Baca berita dengan sedikit iklan, klik di sini
Suhu politik boleh memanas menjelang pemilihan umum, tapi iklim ekonomi justru terasa semakin adem. Buktinya, Rabu pekan lalu bunga Sertifikat Bank Indonesia (SBI) untuk periode satu bulan kembali turun. Kali ini menjadi 7,86 persen, dari sebelumnya 8,06 persen. Pusat Informasi Pasar Uang melansir dana yang dapat diserap pada lelang hari itu mencapai Rp 55 triliun.
Hari-hari ini pasar memang sedang kebanjiran duit. Pekan lalu, banyak investor yang baru memanen pembayaran kupon ataupun pokok obligasi pemerintah yang jatuh tempo sebesar Rp 7 triliun. Bank-bank pun kelebihan uang karena masih kesulitan menyalurkan dana ke sektor riil. Kondisi ini memaksa mereka ramai-ramai memborong SBI, meski bunga terus menurun.

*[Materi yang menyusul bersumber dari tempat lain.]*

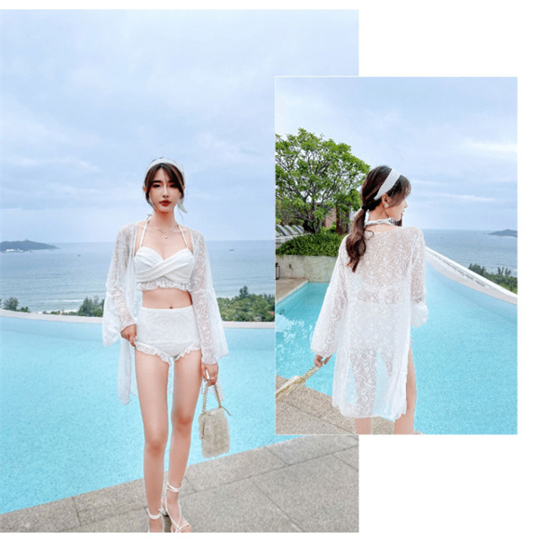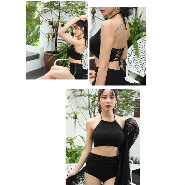 水着 レディース 3点セット ビキニ水着 レース 体型カバー セパレート 短パン水着 美肩 スイムウェア ホルターネックトップス 小胸バンドゥ
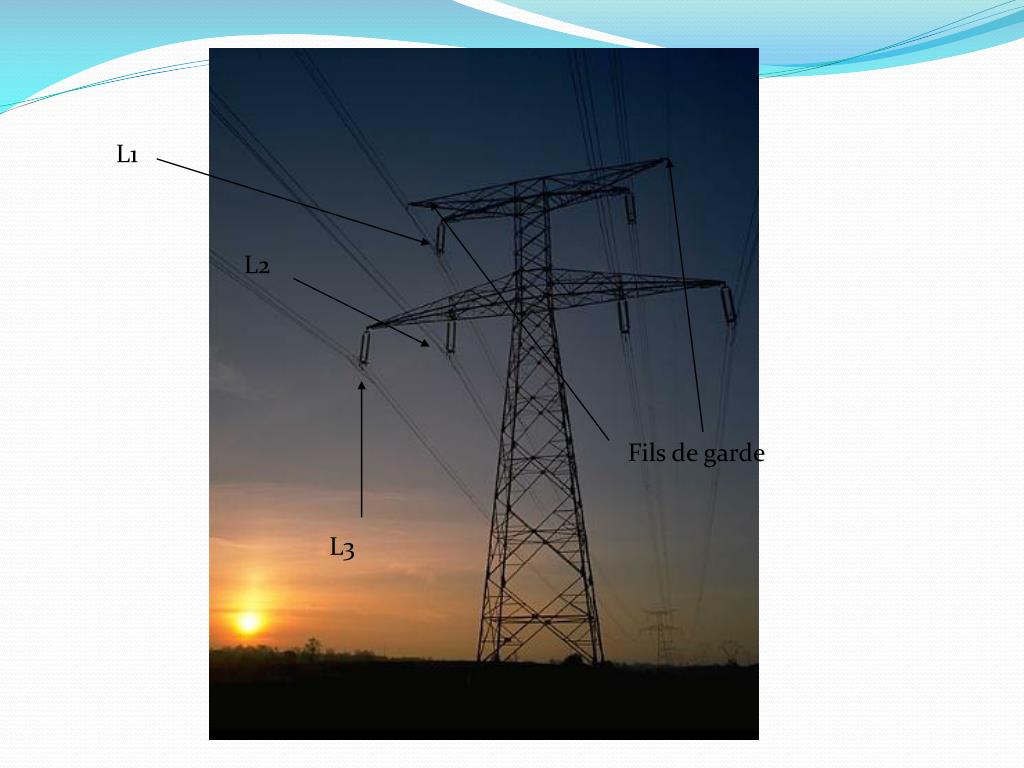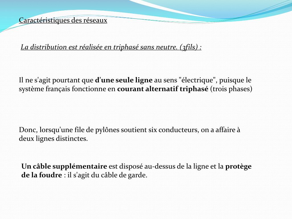 Caractéristiques des réseaux La distribution est réalisée en triphasé sans neutre. (3fils) : Il ne s'agit pourtant que d'une seule ligne au sens "électrique", puisque le système français fonctionne en courant alternatif triphasé (trois phases) Donc, lorsqu'une file de pylônes soutient six conducteurs, on a affaire à deux lignes distinctes. Un câble supplémentaire est disposé au-dessus de la ligne et la protège de la foudre : il s'agit du câble de garde.
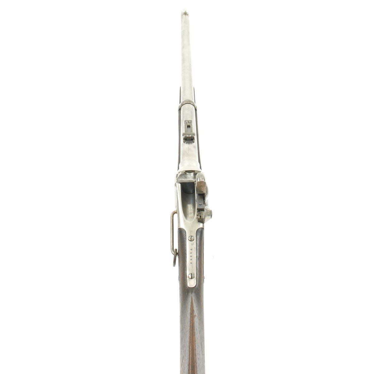 The Sharps, which used a nitrated linen or paper cartridge, was available in rifle or carbine models. Approximately 3,000 New Model 1859 Carbine produced early in the production run featured brass furniture and a brass patchbox. Many of these saw service with Georgia troops during the Civil War. About 30,000 more were produced with iron furniture and an iron patchbox. All featured a pellet priming system as part of the lock plate. The New Model 1863 and New Model 1865 Carbines were essentially the same as the earlier model, the differences being confined to barrel markings. SN 32532

Belum lagi para nasabah kakap, yang tadinya menyimpan duitnya dalam bentuk deposito di bank-bank, sekarang ikut berburu SBI. Deposito, buat mereka, rupanya tak lagi menjadi wahana investasi yang menggiurkan. "Bagi mereka, deposito sekarang cuma berfungsi untuk transit arus kas," kata Kahlil Rowter, Kepala Riset PT Mandiri Sekuritas.

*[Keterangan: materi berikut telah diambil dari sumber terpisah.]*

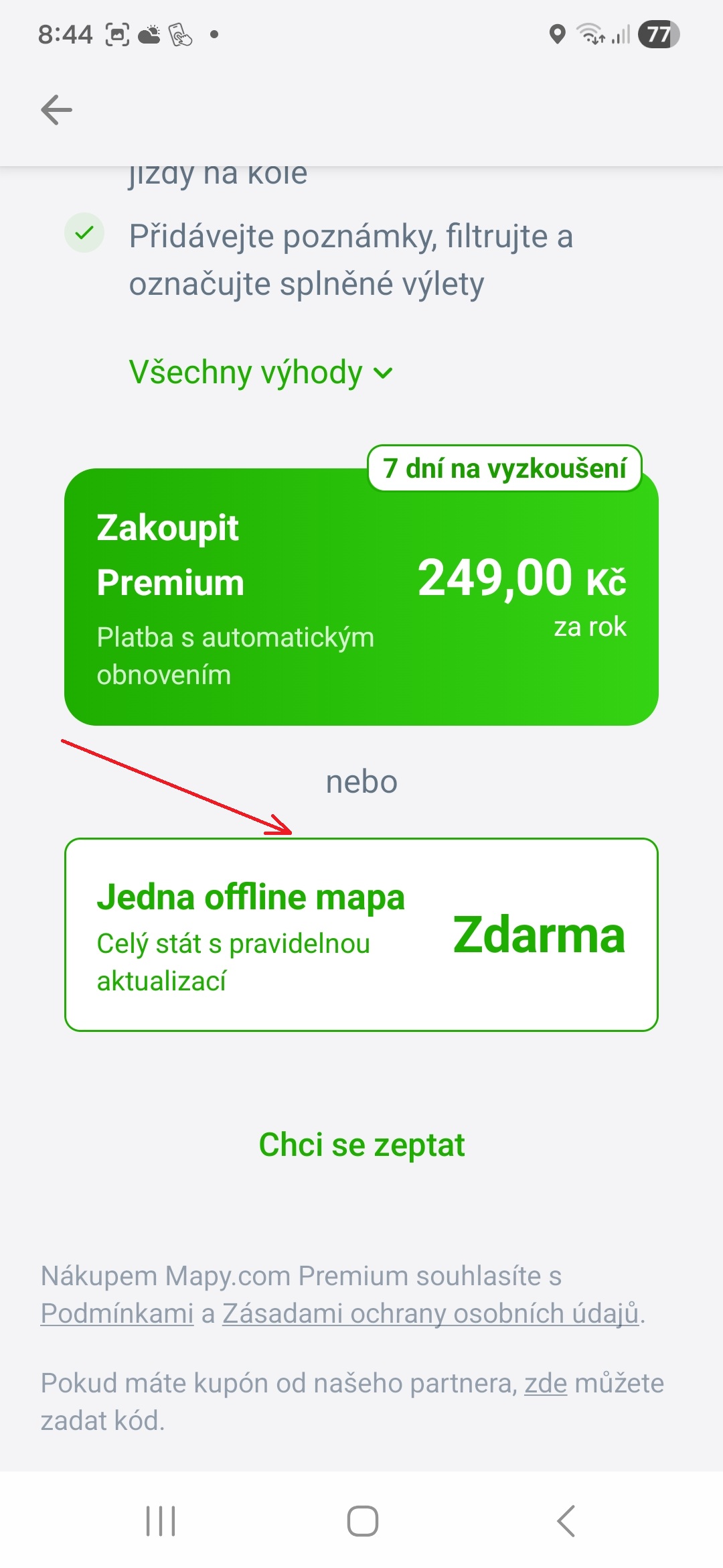 - Pokud si Mapy.com nepředplácíte, klepněte na „Jedna offline mapa“.
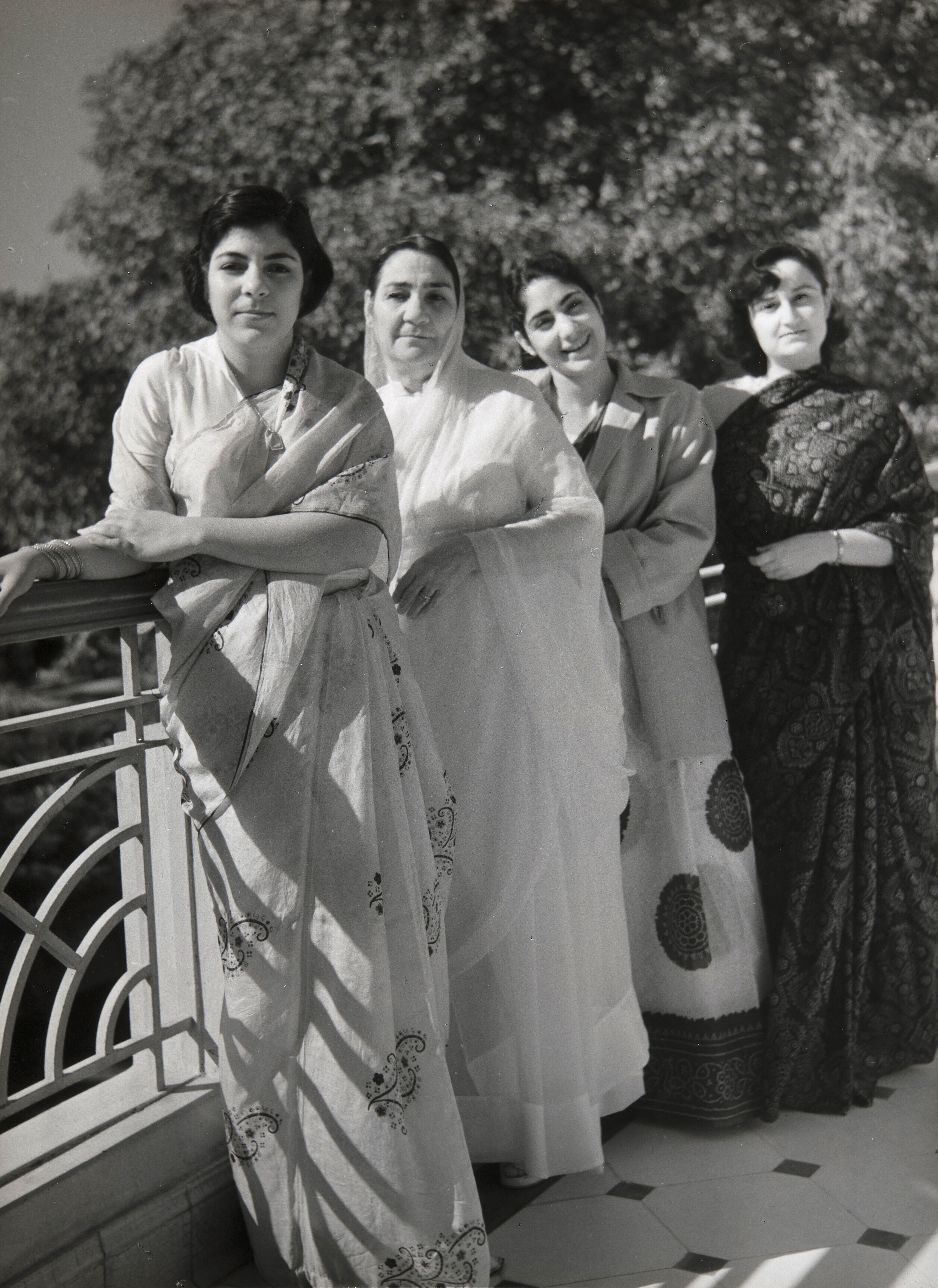 Groepsfoto van vijf vrouwen voor de 'Fatima Jinnah m...
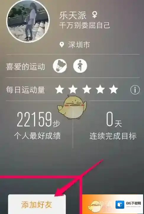 3、在这里可以看到自己住的地方,使用这个软件的用户每天步行情况排行,点击一个想要添加的用户。
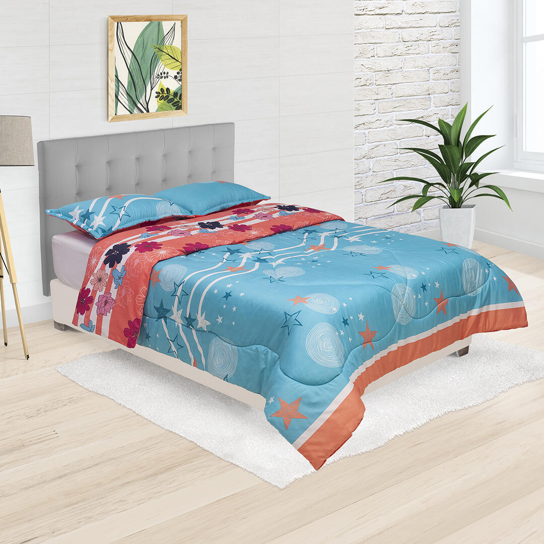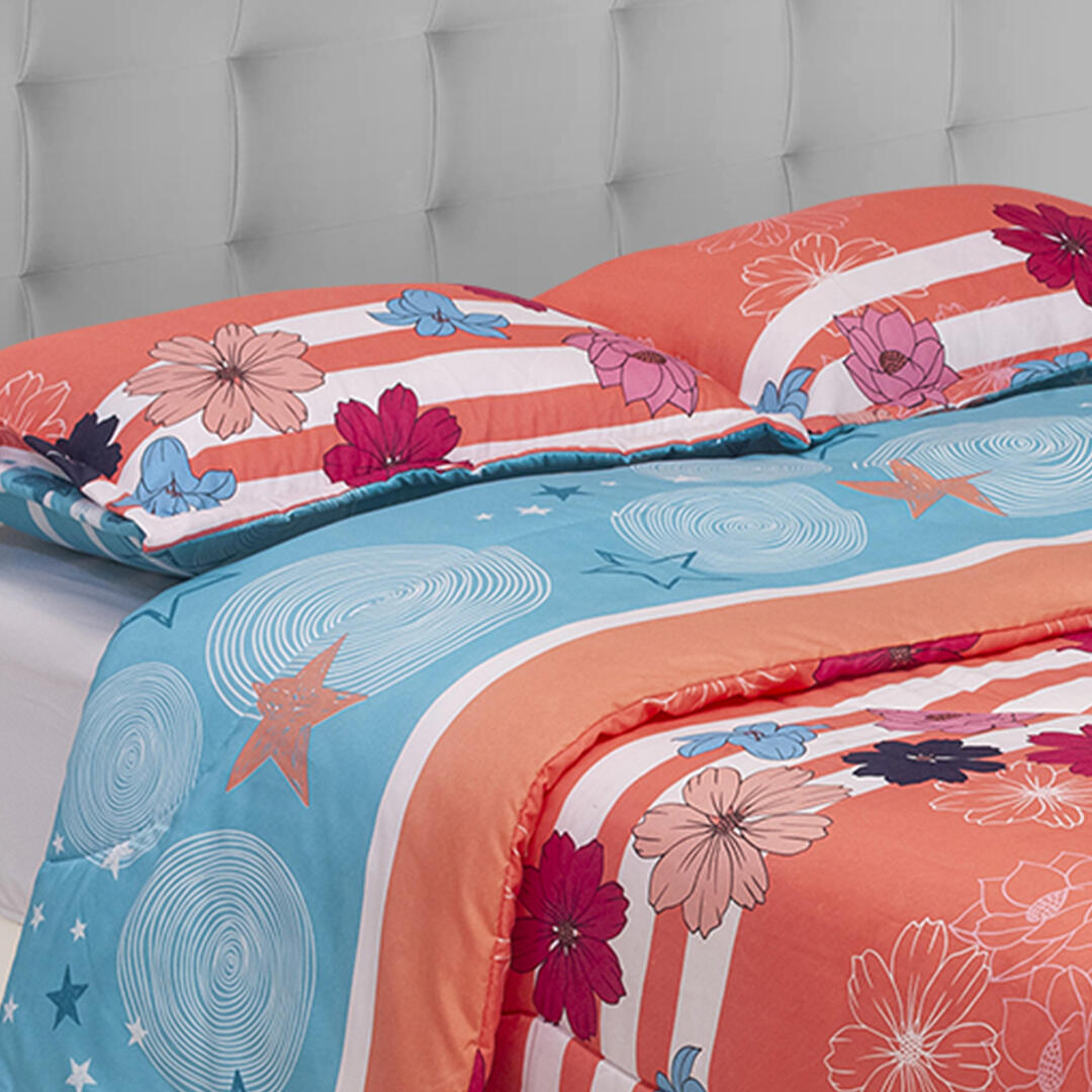 Dale a tu cama un toque de confort y estilo con nuestro cubrelecho semiacolchado doble faz. Fabricado en microfibra suavizada en algodón, es ligero, suave y perfecto para cualquier temporada. Su diseño estampado aporta personalidad a tu habitación, mientras que su doble faz te permite renovar el look de tu cama en un instante. Incluye dos fundas para almohada y juego, creando una armonía perfecta en tu espacio de descanso. Versátil y práctico, es el complemento ideal para un sueño placentero y un dormitorio siempre impecable.

Lalu, mengapa data Bank Indonesia menunjukkan dana pihak ketiga di bank terus meningkat? "Itu karena bunga berbunga, bukan karena adanya deposito baru," kata Kahlil dengan yakin.
Para ekonom yang sebelumnya meramalkan bunga SBI akan membubung gara-gara demam pemilu pun terpaksa harus menelan kembali omongannya.
Suasana menjelang pemilu ternyata tak cukup panas untuk menyulut inflasi. Uang di tangan masyarakat memang meningkat. Tapi itu lebih untuk berjaga-jaga, bukan untuk berbelanja. "Masuk masa kampanye, biasanya situasi menjadi tak pasti. Saya harus siap uang kas lebih untuk mengantisipasi kalau ada apa-apa," kata Rosa, seorang wiraswastawati di Jakarta.
Kalaupun permintaan barang meningkat gara-gara pemilu, hal itu tak seketika mendorong naiknya harga. Maklum, di negeri dengan aneka tata niaga dan menjamurnya penyelundupan ini, pasokan barang senantiasa tersedia dalam jumlah melimpah. Alhasil, permintaan dan penawaran barang selalu bertemu dalam titik keseimbangan.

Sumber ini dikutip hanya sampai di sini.